**TASK TO CARRY OUT:**
Among the entries below, one stretch runs from the line that contains "Brown Velvet Minar Cape Set" through the line that contains "北京市城市河湖管理处土城管理". Repeat that stretch exactly, ends included, and only that.

[RECORDS SUPPLIED Boundary: Start]

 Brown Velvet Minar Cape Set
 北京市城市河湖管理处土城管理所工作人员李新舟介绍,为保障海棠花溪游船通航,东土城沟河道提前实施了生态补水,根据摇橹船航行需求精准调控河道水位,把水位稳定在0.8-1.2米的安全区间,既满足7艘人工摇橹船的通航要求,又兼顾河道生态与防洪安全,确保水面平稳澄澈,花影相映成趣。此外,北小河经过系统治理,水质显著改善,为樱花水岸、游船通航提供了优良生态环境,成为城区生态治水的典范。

[RECORDS SUPPLIED Boundary: End]
[RECORDS SUPPLIED Boundary: Start]

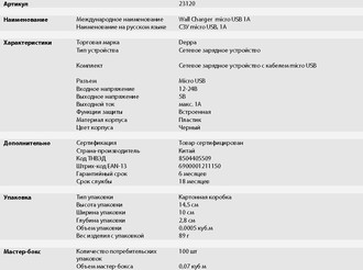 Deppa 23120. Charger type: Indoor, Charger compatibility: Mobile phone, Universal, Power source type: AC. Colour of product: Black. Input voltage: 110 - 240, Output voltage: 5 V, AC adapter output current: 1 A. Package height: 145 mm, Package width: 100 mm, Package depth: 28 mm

[RECORDS SUPPLIED Boundary: End]

**ANSWER SECTION:**
 Brown Velvet Minar Cape Set
 北京市城市河湖管理处土城管理所工作人员李新舟介绍,为保障海棠花溪游船通航,东土城沟河道提前实施了生态补水,根据摇橹船航行需求精准调控河道水位,把水位稳定在0.8-1.2米的安全区间,既满足7艘人工摇橹船的通航要求,又兼顾河道生态与防洪安全,确保水面平稳澄澈,花影相映成趣。此外,北小河经过系统治理,水质显著改善,为樱花水岸、游船通航提供了优良生态环境,成为城区生态治水的典范。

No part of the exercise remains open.